Но вообще-то в Польше очень мало использовалось это слово, а в Литву — Западную Русь — оно практически не попало.

В Польше было два слова для обозначения разных групп знати, и оба эти слова стали очень известными, международными; они наверняка хорошо известны читателю.

Крупных дворян, владевших обширными землями, называли «магнаты». Слово происходит от позднелатиского Nagnas или Nagnatus, то есть богатый, знатный человек. Магнаты — это те дворяне, которые имели свои частные армии, а часто и прочие атрибуты государства в своих владениях.

Дворяне, которые были не так богаты и должны были служить в армиях (в том числе у магнатов), назывались шляхтичами, шляхтой. Польское слово «шляхта» (szlachta) происходит от древненемецкого slahta, что значит «род, порода». Слово известно, по крайней мере, с XIII века. Первоначально так называлось рыцарство, низшая часть военной аристократии, служилое дворянство.

Смысл понятен: то же, что и «гентил» — «имеющие происхождение». Только не по-латыни, а по-немецки.

Отсюда пошло и польское слово «шляхетство» (szlachectwo), что чаще всего переводится как «дворянство». И зря переводится, потому что это глубоко неправильный перевод. Шляхетство никогда не было сословием, значимым только потому, что оно сидело на чьем-то дворе и получало пожалование из чьих-то ручек.

Во-первых, значительная часть шляхетства имела собственность, в том числе землю. А поскольку отобрать у них эту собственность было нельзя в принципе, то шляхтич при желании мог вообще нигде не служить, ничем не заниматься, валять дурака и просто жить в свое удовольствие, не особенно обременяя себя службой. Редко, но примеры такого рода бывали.

Во-вторых, шляхетство имело права. Неотъемлемые права, которые тоже не могли быть отняты без самых веских оснований. Шляхтич, как и дворянин в странах Западной Европы, имел право личной неприкосновенности. Нравы оставались дичайшие, в школах при монастырях шляхетских недорослей монахи секли, случалось, и девочек, и совсем больших парней, но поднять руку на взрослого шляхтича не мог даже король. Даже по суду к шляхтичу не могли быть применены позорящие наказания. К шляхтичу в любых обстоятельствах обращались уж по крайней мере вежливо.

Более того. Шляхетство имело столько прав и привилегий, что их обилие поставило под сомнение саму польскую государственность… Ни в одной стране — ни европейской, ни азиатской — дворянство, еггелентен, эдельманы, не было настолько привилегированным сословием. Польша в этом отношении вполне уникальна.

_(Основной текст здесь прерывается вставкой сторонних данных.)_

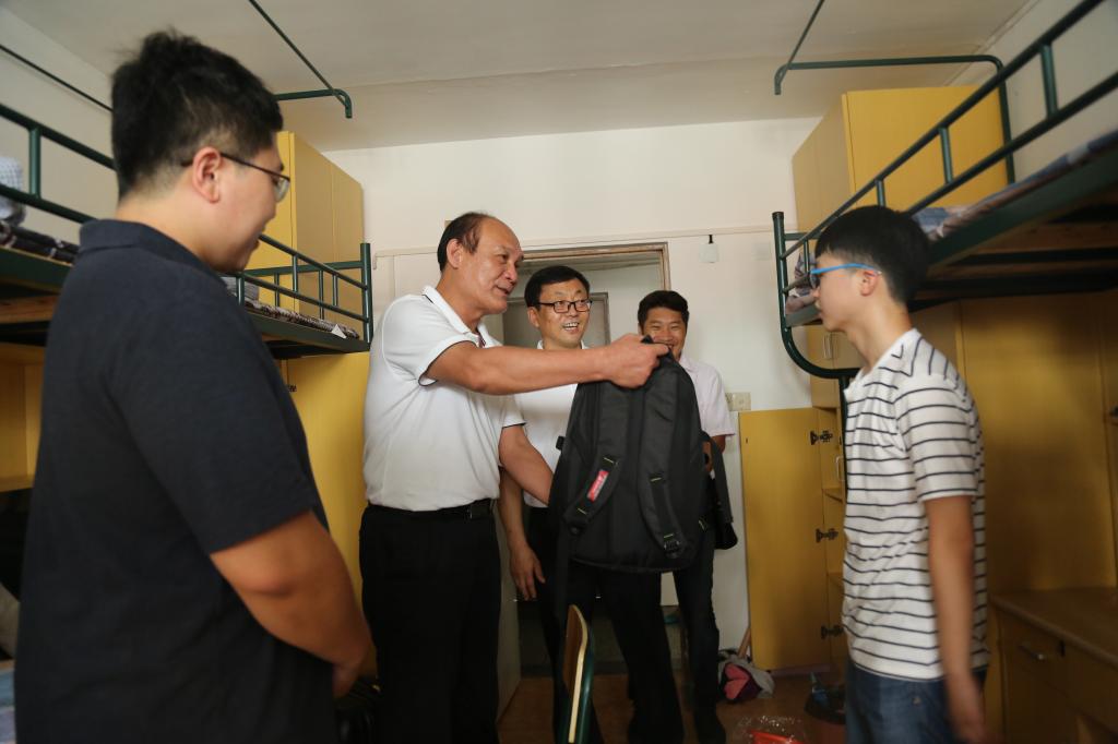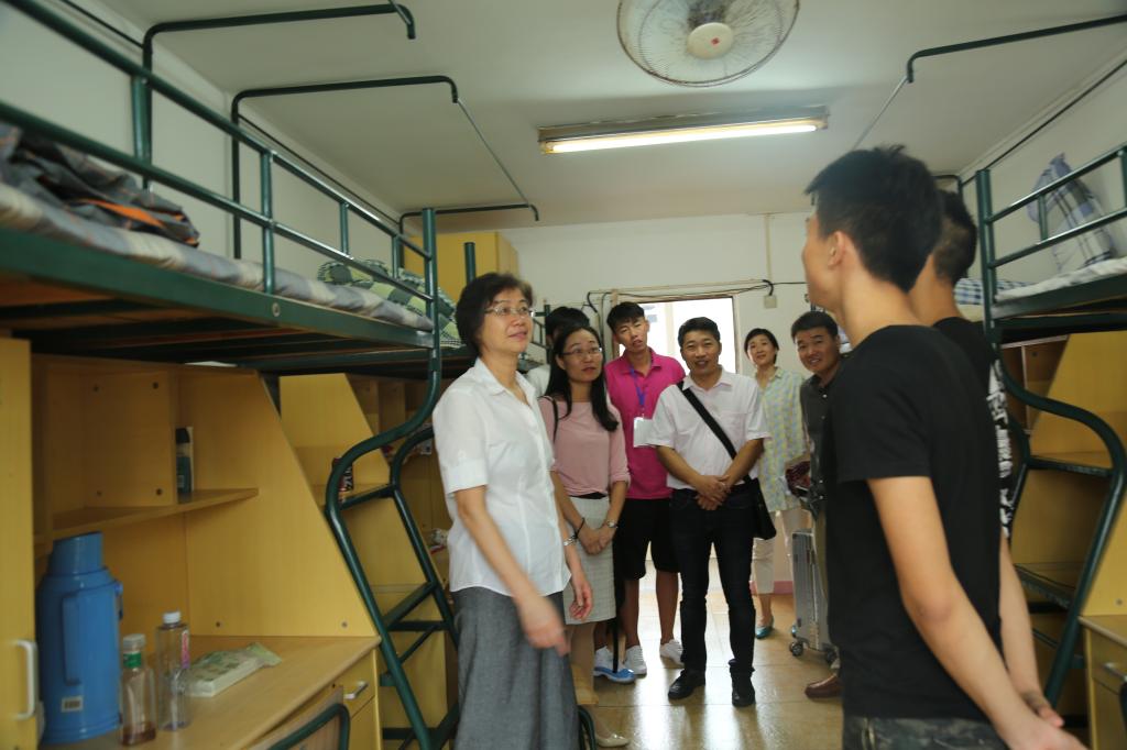 9月19日下午,党委副书记、纪委书记詹萌,副院长平杰、施之皓在相关职能部门负责同志的陪同下深入学生宿舍慰问2017级新生,对他们的到来表示热烈欢迎,并送去迎新大礼包。院领导亲切地同新生交谈,询问大家来自哪里、专业如何、入学报到是否顺利、是否适应学校环境,并耐心地解答新生及家长提出的问题。此外,院领导还仔细查看了寝室的各种设施是否安全、完善,嘱咐同学们要妥善保管贵重物品,维护好寝室卫生,营造安全、舒适、和谐的大学宿舍文化。院领导希望同学们学会做人、学会学习、学会生活、学会与人相处、学会成为时间的主人,尽早适应大学生活,认真做好大学生规划,更好地进入大学生角色,铭记“身心一统、兼蓄竞攀”的校训,做文理兼修、德技相长的绿瓦学子,助力红足一1世世界一流体育大学建设。

Оформление шляхетства как осознающего себя сословия со своими привилегиями, ограничениями, своей системой корпоративного управления произошло в XIV–XVI веках, и происходил этот процесс так своеобразно, что результаты его трудно назвать иначе, нежели причудливыми.

Юридическими документами, оформившими шляхту как сословие, стали Кошицкий привилеи Людовика I Анжуйского от 17 сентября 1374 года. Шляхта поддержала Людовика как кандидата на престол Польши, и за это на нее распространились права, которыми до сих пор обладали только высшие феодалы. В числе прочего права не платить почти никаких налогов, кроме обязательства служить королю и занимать различные должности (от этого «налога», кстати, шляхта никогда и не отказывалась).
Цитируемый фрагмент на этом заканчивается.